De Gan Filters, Bloom Filters, Peoples DNS, and CNS

posted: Apr 27, 2004 8:24:00 PM

Danny Ayers has an interesting post, De Gan Filters (also, some more background from Marc Canter) about Joel De Gan's De Gan Filter which extends the concept of Bloom Filters. These are interesting hash structures for highly compressed indexes with small, false-positive-only, error margins on lookups.

Joel is working on a PeoplesDNS project, and came up with this technique as a way to create an efficient index for people look-ups.

Danny's post has a P.S. which I almost totally agree with:

I [sic] just occurred to me that the big DB backing store needn't actually be local - it could just be the web itself. Shift everything down a step, so your local cache is an unreliable map of a whole section of the web (e.g. the FOAFworld). When you do a query, that map tells you if you've got a chance of the getting the result. If there is a chance, you rescutter the actual data of interest.

Part of the beauty of DNS is how it actually does both (centralized and decentralized / local and remote lookup databases). I think there is quite a model (distributed information) ecosystem between the root servers and all the distributed DNS servers. DNS servers can act peer-to-peer, but also have a recourse to higher-up / root servers as well.

I have tried to follow this model in my CNS development for the iCite net. There are trade-offs in having any of it centralized, but I think the positives (essentially third-party verification) outweigh the negatives (possibility for domain name registry exploitativeness).

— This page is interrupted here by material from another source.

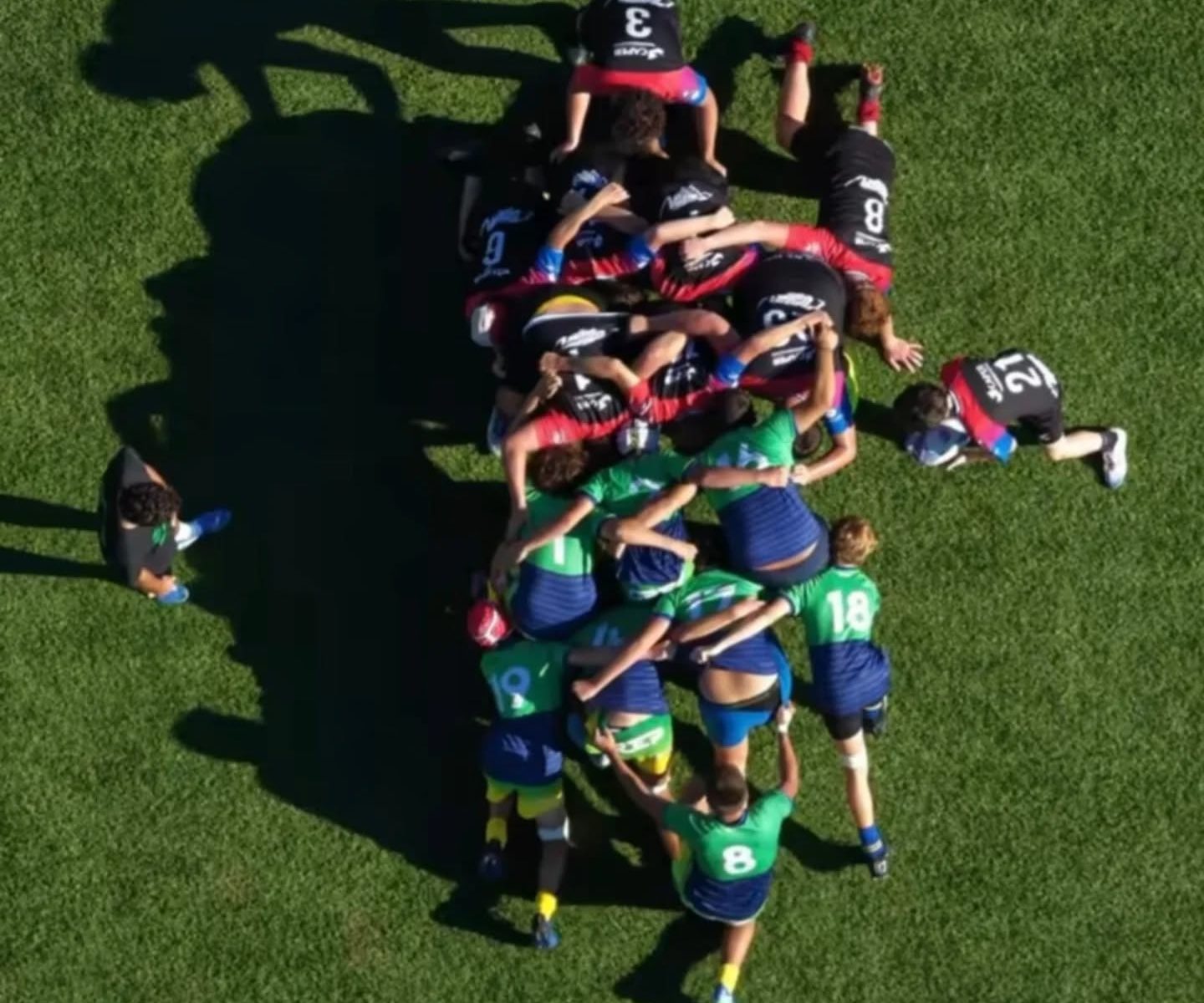 Les enfants  jouent les mêlées, les rucks et les regroupements ils sont dans la compétition Ils jouent à 15 avec les règles du rugby.

Also though, I think it is important that DNS-type registries (like CNS) and search be kept autonomous. In other words, DNS registers the location of servers, CNS registers the location of "content", but a search service for looking up information on those servers or in that content functions in parallel to (and, actually, a layer above) the function of the DNS or CNS registries.

(I guess the main distinction is that the index and the query interface to the index can be operated as two automonous systems.)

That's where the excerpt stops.